Data to examine →
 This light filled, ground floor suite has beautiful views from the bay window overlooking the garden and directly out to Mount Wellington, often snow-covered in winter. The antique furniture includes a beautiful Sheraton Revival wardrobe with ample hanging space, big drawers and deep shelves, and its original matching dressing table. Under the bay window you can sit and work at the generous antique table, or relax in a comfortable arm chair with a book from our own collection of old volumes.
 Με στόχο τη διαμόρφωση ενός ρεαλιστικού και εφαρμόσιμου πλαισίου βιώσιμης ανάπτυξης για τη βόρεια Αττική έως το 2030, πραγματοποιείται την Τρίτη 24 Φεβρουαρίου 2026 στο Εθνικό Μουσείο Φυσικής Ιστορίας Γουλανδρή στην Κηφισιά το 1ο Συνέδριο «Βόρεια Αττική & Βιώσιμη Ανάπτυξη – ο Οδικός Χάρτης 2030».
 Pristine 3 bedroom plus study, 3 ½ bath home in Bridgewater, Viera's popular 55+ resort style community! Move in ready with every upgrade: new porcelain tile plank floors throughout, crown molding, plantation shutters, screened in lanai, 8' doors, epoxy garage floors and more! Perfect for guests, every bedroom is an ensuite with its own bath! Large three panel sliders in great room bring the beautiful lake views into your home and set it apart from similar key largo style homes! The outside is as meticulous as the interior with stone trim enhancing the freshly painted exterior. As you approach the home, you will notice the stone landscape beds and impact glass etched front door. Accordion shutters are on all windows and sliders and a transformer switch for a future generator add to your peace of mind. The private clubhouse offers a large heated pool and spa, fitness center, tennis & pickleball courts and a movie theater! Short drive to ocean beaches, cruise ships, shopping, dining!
==
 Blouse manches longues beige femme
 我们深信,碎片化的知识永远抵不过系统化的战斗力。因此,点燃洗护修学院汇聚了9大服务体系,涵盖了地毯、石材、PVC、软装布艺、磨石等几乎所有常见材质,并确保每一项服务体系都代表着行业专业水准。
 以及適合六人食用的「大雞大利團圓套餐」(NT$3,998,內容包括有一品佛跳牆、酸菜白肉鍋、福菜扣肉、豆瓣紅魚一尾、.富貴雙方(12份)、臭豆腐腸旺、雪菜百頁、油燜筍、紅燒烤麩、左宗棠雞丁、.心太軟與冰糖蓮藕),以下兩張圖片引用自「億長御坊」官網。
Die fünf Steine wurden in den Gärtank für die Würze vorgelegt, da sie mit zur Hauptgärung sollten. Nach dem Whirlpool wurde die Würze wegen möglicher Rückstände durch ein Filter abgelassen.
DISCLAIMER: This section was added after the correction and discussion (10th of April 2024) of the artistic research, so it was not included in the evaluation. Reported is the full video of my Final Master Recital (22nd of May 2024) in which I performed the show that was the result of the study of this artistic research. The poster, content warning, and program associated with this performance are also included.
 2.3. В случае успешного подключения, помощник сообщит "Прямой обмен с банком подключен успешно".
---
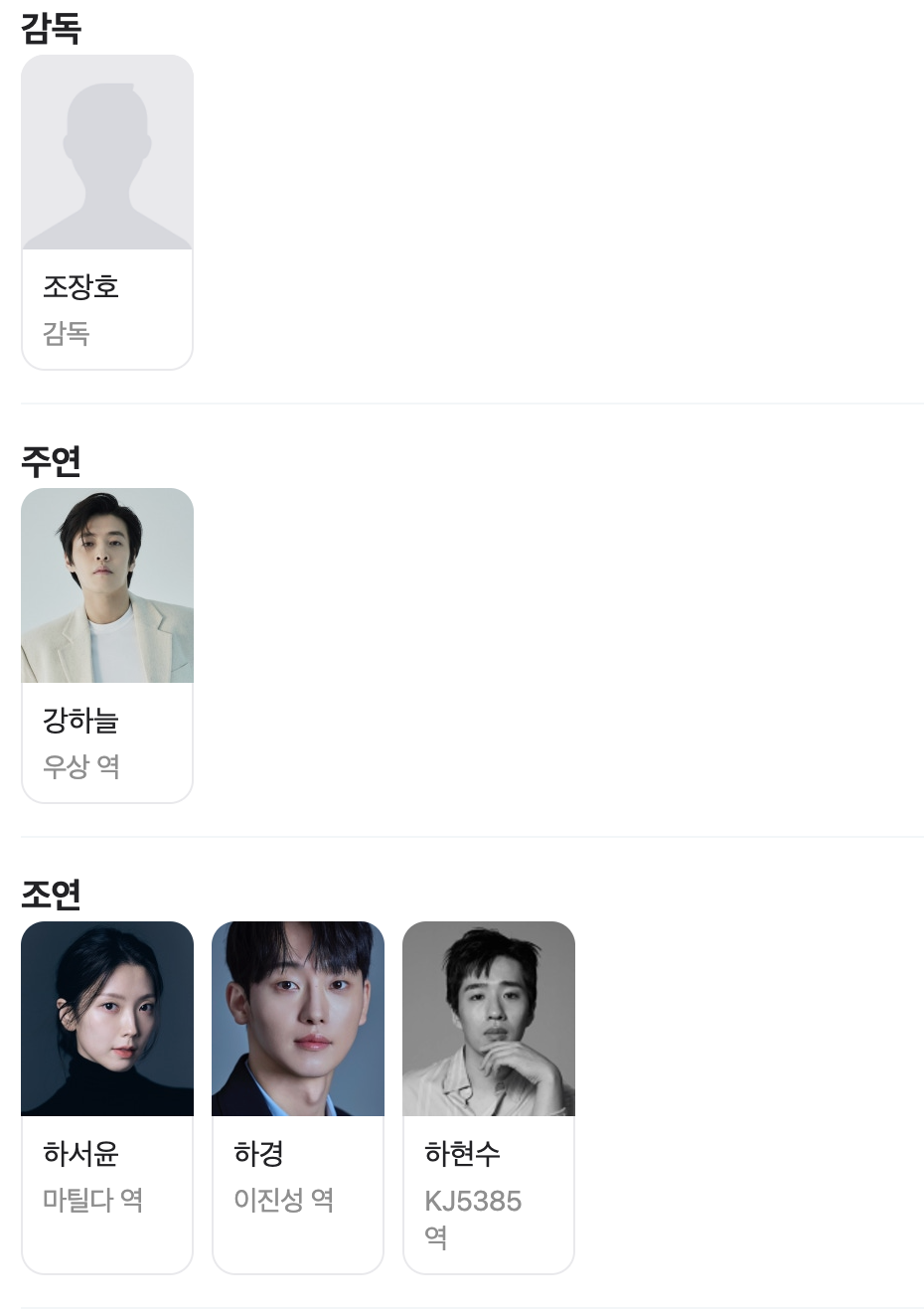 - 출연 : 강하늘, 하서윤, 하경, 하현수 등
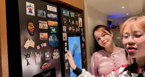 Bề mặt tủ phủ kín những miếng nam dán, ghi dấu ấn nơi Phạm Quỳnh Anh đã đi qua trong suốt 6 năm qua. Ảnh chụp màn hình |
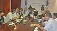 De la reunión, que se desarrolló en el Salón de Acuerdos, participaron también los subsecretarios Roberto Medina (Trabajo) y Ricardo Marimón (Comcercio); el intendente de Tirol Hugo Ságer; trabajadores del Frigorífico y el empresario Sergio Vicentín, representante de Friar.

Action item → As the answer, set down only the lines from the data above between the one holding "以及適合六人食用的「大雞大利" and the one holding "2.3. В случае", inclusive, exactly as they read.

Reply →
 以及適合六人食用的「大雞大利團圓套餐」(NT$3,998,內容包括有一品佛跳牆、酸菜白肉鍋、福菜扣肉、豆瓣紅魚一尾、.富貴雙方(12份)、臭豆腐腸旺、雪菜百頁、油燜筍、紅燒烤麩、左宗棠雞丁、.心太軟與冰糖蓮藕),以下兩張圖片引用自「億長御坊」官網。
Die fünf Steine wurden in den Gärtank für die Würze vorgelegt, da sie mit zur Hauptgärung sollten. Nach dem Whirlpool wurde die Würze wegen möglicher Rückstände durch ein Filter abgelassen.
DISCLAIMER: This section was added after the correction and discussion (10th of April 2024) of the artistic research, so it was not included in the evaluation. Reported is the full video of my Final Master Recital (22nd of May 2024) in which I performed the show that was the result of the study of this artistic research. The poster, content warning, and program associated with this performance are also included.
 2.3. В случае успешного подключения, помощник сообщит "Прямой обмен с банком подключен успешно".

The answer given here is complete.